## Your goal
Make an exact copy of the whole listing, but leave its pictures out.

## Data section
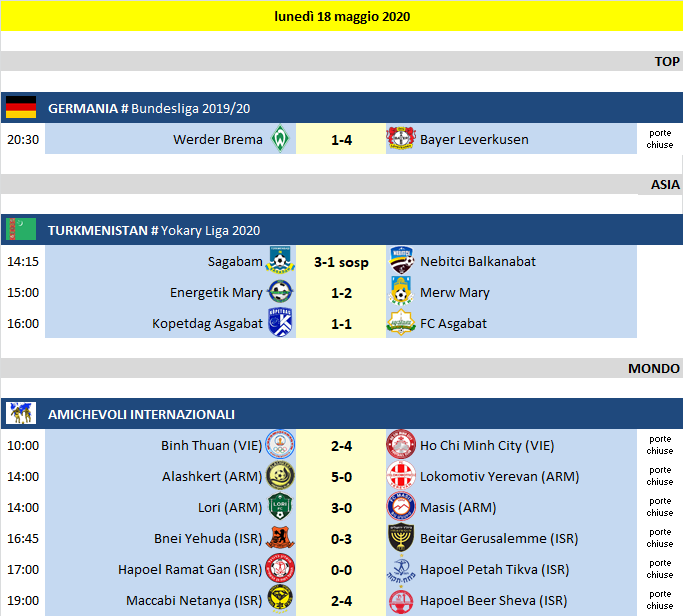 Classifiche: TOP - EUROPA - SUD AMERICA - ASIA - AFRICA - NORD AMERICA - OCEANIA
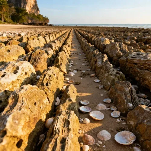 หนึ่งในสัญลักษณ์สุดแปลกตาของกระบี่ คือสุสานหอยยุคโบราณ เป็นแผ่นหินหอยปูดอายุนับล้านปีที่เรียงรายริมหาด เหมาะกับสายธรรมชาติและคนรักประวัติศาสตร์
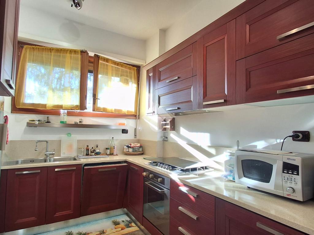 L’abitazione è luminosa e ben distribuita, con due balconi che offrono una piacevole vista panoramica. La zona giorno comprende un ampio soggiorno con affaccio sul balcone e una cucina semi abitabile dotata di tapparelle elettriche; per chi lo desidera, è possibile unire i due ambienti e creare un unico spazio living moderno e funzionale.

## Response area
 Classifiche: TOP - EUROPA - SUD AMERICA - ASIA - AFRICA - NORD AMERICA - OCEANIA
 หนึ่งในสัญลักษณ์สุดแปลกตาของกระบี่ คือสุสานหอยยุคโบราณ เป็นแผ่นหินหอยปูดอายุนับล้านปีที่เรียงรายริมหาด เหมาะกับสายธรรมชาติและคนรักประวัติศาสตร์
 L’abitazione è luminosa e ben distribuita, con due balconi che offrono una piacevole vista panoramica. La zona giorno comprende un ampio soggiorno con affaccio sul balcone e una cucina semi abitabile dotata di tapparelle elettriche; per chi lo desidera, è possibile unire i due ambienti e creare un unico spazio living moderno e funzionale.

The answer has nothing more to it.